# Projekt Teichbau in Hanglage hat begonnen



## Shiva88 (26. März 2012)

Hallo Ihr lieben,
nach Monate langen Abwarten und 1 hat nun endlich die Arbeit begonnen 

Am Freitga Abend kam der Mini-bagger, somit konnte Samstag halb acht begonnen werden


----------



## Shiva88 (26. März 2012)

*AW: Projekt Teichbau in Hanglage hat begonnen*

Während unsere Besucher und Verwandten neugierig waren, haben wir fleißig Erde bewegt


----------



## Shiva88 (26. März 2012)

*AW: Projekt Teichbau in Hanglage hat begonnen*

Nach unserem ersten Tag haben wir schon ganz schön geschafft


----------



## Shiva88 (26. März 2012)

*AW: Projekt Teichbau in Hanglage hat begonnen*

Gestern haben wir dann den Teich schön geformt und gegen Erdrutsch gesichert 
Mein Mann sei dank, ich musste nicht schleppen 

Um Acht war dann Feierabend :smoki


----------



## Springmaus (26. März 2012)

*AW: Projekt Teichbau in Hanglage hat begonnen*

Hallo,

echt was geschaft


----------



## PeterBoden (26. März 2012)

*AW: Projekt Teichbau in Hanglage hat begonnen*

Gleich gemörtelt, das war fix! 

Schon ausgemessen?


----------



## Shiva88 (26. März 2012)

*AW: Projekt Teichbau in Hanglage hat begonnen*

Hallöchen,

Danke, Danke 

Ganz fertig mit Mörteln sind wir noch nicht, müssen den Rand noch höher legen.

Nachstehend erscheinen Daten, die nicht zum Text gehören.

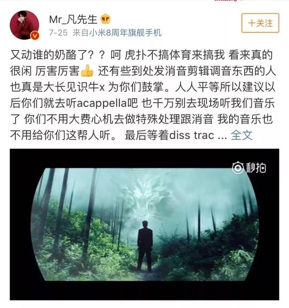 这一次事件的导火索,自于一个发布于步行街板块的“吴亦凡无修音视频,你能坚持到几秒”的帖子,在这个声称为干音的视频中,吴亦凡说唱的声音走调,有气无力,最后的呈现效果自然是惨不忍睹。该帖子迅速引来了虎扑er的群嘲,短短一小时就成为了虎扑的热门帖子。

Ich hab Grob gemessen, wegen Ufermatte: hab 30 m² bestellt. Für 5,50 € pro m² 

Wenn er komplett ist, messe ich mal richtig


----------



## Shiva88 (27. März 2012)

*AW: Projekt Teichbau in Hanglage hat begonnen*

Hallo ihr lieben,

wir haben für den Teich einen Pflaumenbaum weg gemacht und die Wurzel sieht so gut aus, dass ich sie gerne im Teich als Blickfang/Versteckmöglichkeit für spätere Teichbewohner positionieren möchte.

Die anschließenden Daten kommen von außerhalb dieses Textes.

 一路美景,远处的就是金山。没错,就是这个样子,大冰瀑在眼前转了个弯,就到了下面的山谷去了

Was muss ich mit der Wurzel machen, ausser gründlich reinigen?


----------



## Plätscher (27. März 2012)

*AW: Projekt Teichbau in Hanglage hat begonnen*



Shiva88 schrieb:


> Hallo ihr lieben,
> 
> wir haben für den Teich einen Pflaumenbaum weg gemacht und die Wurzel sieht so gut aus, dass ich sie gerne im Teich als Blickfang/Versteckmöglichkeit für spätere Teichbewohner positionieren möchte.
> 
> Was muss ich mit der Wurzel machen, ausser gründlich reinigen?



Hallo,

wenn sie vollständig Unterwasser soll, muß sie gegen Aufschwimmen beschwert werden. Ist sie ca 50% überwasser dann bleib sie von alleine liegen. 

Pflaume ist gut, verrottet nur sehr langsam, da hast du lange was von.


----------



## Shiva88 (29. März 2012)

*AW: Projekt Teichbau in Hanglage hat begonnen*

Hallöchen,

@ Jürgen: Danke für die Info 

Seid gestern Abend ist auch endlich der Rand fertig modelliert  (Bilder folgen  )

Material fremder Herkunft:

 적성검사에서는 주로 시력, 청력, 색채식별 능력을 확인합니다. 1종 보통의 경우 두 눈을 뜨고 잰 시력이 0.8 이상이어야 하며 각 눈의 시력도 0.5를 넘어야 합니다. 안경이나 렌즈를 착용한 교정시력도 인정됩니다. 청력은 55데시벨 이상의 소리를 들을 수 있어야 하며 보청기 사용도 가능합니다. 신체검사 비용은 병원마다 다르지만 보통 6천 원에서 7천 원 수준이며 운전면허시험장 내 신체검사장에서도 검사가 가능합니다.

Jetzt hab ich aber ein kleines (großes) Problemchen:

Die Höhenunterschiede waren so groß, dass wir teilweise einen rand von über 20 cm haben 
Und das auch noch genau bei meinen Pflanzzonen, sodass aus 20 cm Wasserstand mal locker 40 cm wurden :evil - Da bekomme ich doch nie meine Korkenzieherbinse durch 

Meine Frage:

Wie komme ich - ohne größeren Aufwand - bei meinen Pflanzzonen wieder auf 10 - 30 cm? 

hoffentlich könnt ihr mir helfen, mir fällt nix dazu ein :beten


----------



## Shiva88 (30. März 2012)

*AW: Projekt Teichbau in Hanglage hat begonnen*

Kann mir denn keiner helfen?
Nicht mal nen Tipp? 

zur veranschaulichung (tolles Wort  ) mal ein paar Bilderchen:

 
 
 

Eh ich es vergesse:

Mein kleines Quellsteinchen (knapp 1 m breit, 80 cm lang und ca 70 cm hoch :crazy )ist endlich auch oben angekommen


----------



## Annett (5. Apr. 2012)

*AW: Projekt Teichbau in Hanglage hat begonnen*

Hallo Jacky.

Sorry, für die etwas späte Antwort... ich befürchte, dass Du nur durch mehr Material (entweder Mörtel unter der Folie oder Sand auf der Folie) auf Deine gewollte Pflanztiefe kommst. 
Die Alternative wäre außen herum eine weitere Flachwasserzone anzusetzen, aber das wird bei Euch schon aus Platzgründen eher nix. 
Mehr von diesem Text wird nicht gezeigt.